Ни от Кимета, ни от Синто, ни от Матеу долго не было никаких вестей. И вдруг в воскресенье прикатывает мой Кимет и с ним еще семеро солдат. Страх смотреть, но с продуктами. Кимет — грязный, отощал, да те семеро сразу ушли, договорились, что заедут за ним утром. Кимет сказал, что на фронте их почти не кормят, нечем, со снабжением из рук вон плохо и что у него открылась чахотка. Я спросила, от кого он узнал, от врача или так, а Кимет — зачем мне врач, когда яснее ясного: в легких одни дыры и микробы, даже родных детей нельзя поцеловать. Я опять спросила — можно ли это вылечить, а он мне — если в его возрасте такое заполучишь, значит, прости-прощай, на всю жизнь. Дырки, они по-ученому каверны называются, их становится все больше и больше, а если легкие как сито, то крови некуда деться, и она идет горлом. Ну и все, крышка! Ты, говорит, не понимаешь, как тебе повезло, что уродилась такая здоровая. Я сказала Кимету, что все голуби улетели, осталась одна-единственная голубка в горошинку, тощая, как жердочка, она пока прилетает. А он сказал, что если б не война, у нас бы уже был свой загородный домик и башня-голубятня с гнездами до самого верху, но ничего, увидишь, все поправится… Мы, говорит, по пути заезжали в деревни, и нам давали овощи и яйца, везите, мол, домой. Кимет пробыл с нами целых три дня, потому что наутро мы узнали, что им всем велели остаться. И пока он был с нами, только и разговору, что о доме, что ничего на свете нет лучше родного дома, и что когда кончится война, он засядет дома, как жучок в мебели, и никто его не выманит. Говорит, говорит, а сам ковыряет ногтем сухие крошки из щели в столе, я диву давалась — он делает то же, что и я, хотя ни разу этого не видел.

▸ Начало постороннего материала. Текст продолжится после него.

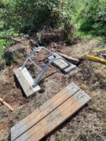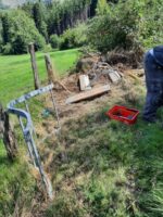 Am 09.08.2025 wurde der Bereich von Sträuchern befreit und der Unterbau sorgfältig vorbereitet. Zwei Tage später stellte eine kleine, bewährte Arbeitstruppe unter der Führung des ehemaligen Vorsitzenden – vielleicht sein letztes offenes Projekt? – die Unterkonstruktion auf und verschraubte sie mit neuen Brettern.
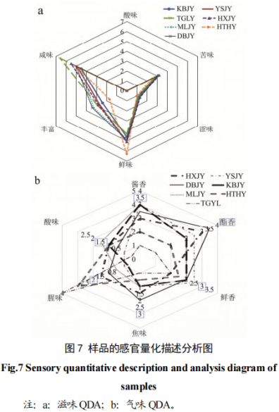 從圖a可知7類(lèi)樣品的后味存在明顯差異,在咸味和鮮味指標(biāo)上的感官評(píng)分也各不相同,然而在酸味、苦味和澀味這三項(xiàng)的味覺(jué)指標(biāo)上則差異不大,尤其是酸味,感官評(píng)分均為0,說(shuō)明評(píng)鑒員品嘗不出這7種樣品帶有酸味。
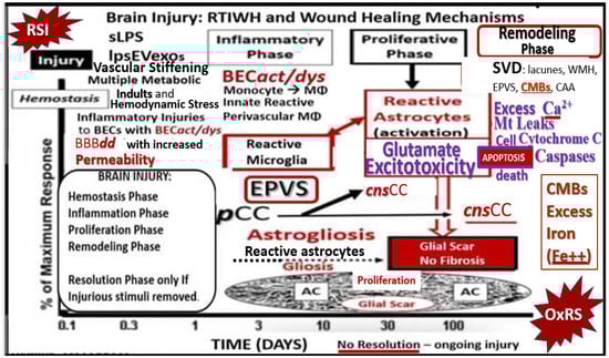 Late-onset Alzheimer’s disease (LOAD) and the brain injury: response to injury wound healing (BI:RTIWH) mechanism. While LOAD is considered to be a multifactorial disease, its initial injuries may be derived at the level of the brain endothelial cell of the neurovascular unit. However, the initial injury to neurons is thought to arise from the accumulation of misfolded proteins, which includes extracellular neurotoxic oligomers or plaques of amyloid beta (Aβ (1–42)) and intracellular tau neurofibrillary tangle(s) (NFTs) [11,12,13]. There are five basic phases in this BI:RTIWH mechanism that include 1. hemostasis; 2. inflammation; 3. proliferation; 4. remodeling; 5. resolution. Note that only phases 1–4 are shown and that the resolution phase is not included in this illustration because injurious stimuli are not removed in the development and progression of LOAD. Also, note that glutamate excitotoxicity and its subsequent effects leading to neuronal apoptosis and neurodegeneration are in purple color. Modified image provided with permission by CC 4.0 [104]. AC, astrocyte; act, activation; BECs, brain endothelial cells; CAA, cerebral amyloid angiopathy; Ca2+, calcium; CC, cytokines and chemokines; CMBs, cerebral microbleeds; CNS, central nervous system; cnsCC, central nervous system cytokines, chemokines; dys, dysfunction; EPVS, enlarged perivascular spaces; lpsEVexos, lipopolysaccharide extracellular vesicle exosomes; MetS, metabolic syndrome; MΦ, macrophage; Mt, mitochondria; pCC, peripheral cytokines/chemokines; SVD, cerebral small vessel disease; T2DM, type 2 diabetes mellitus.

Все три дня он после обеда в сиесту спал подолгу, и дети залезали к нему в постель, спали с ним, соскучились, бедные. Они очень его любили. А до чего мне не хотелось ходить на работу, кто бы знал! Кимет сказал, что от синих огней у него настроение портится, и будь его воля, он приказал бы сменить их на красные, вроде сыпь красная повсюду. И что его смех берет: эти синие огни — сплошная ерунда, те, кому надо, будут бомбить, хоть сделай огни черными. Глаза у Кимета, я сразу заметила, провалились, словно их кто заталкивает, заталкивает, чтобы они совсем внутрь ушли. Перед отъездом он прижал меня к себе, а детей прямо исцеловал, они его до самой входной двери проводили, и я тоже, а на лестнице остановилась там, где весы вырезаны, и провела по ним пальцем. Рита потом жаловалась, что папа ей все лицо исколол бородой.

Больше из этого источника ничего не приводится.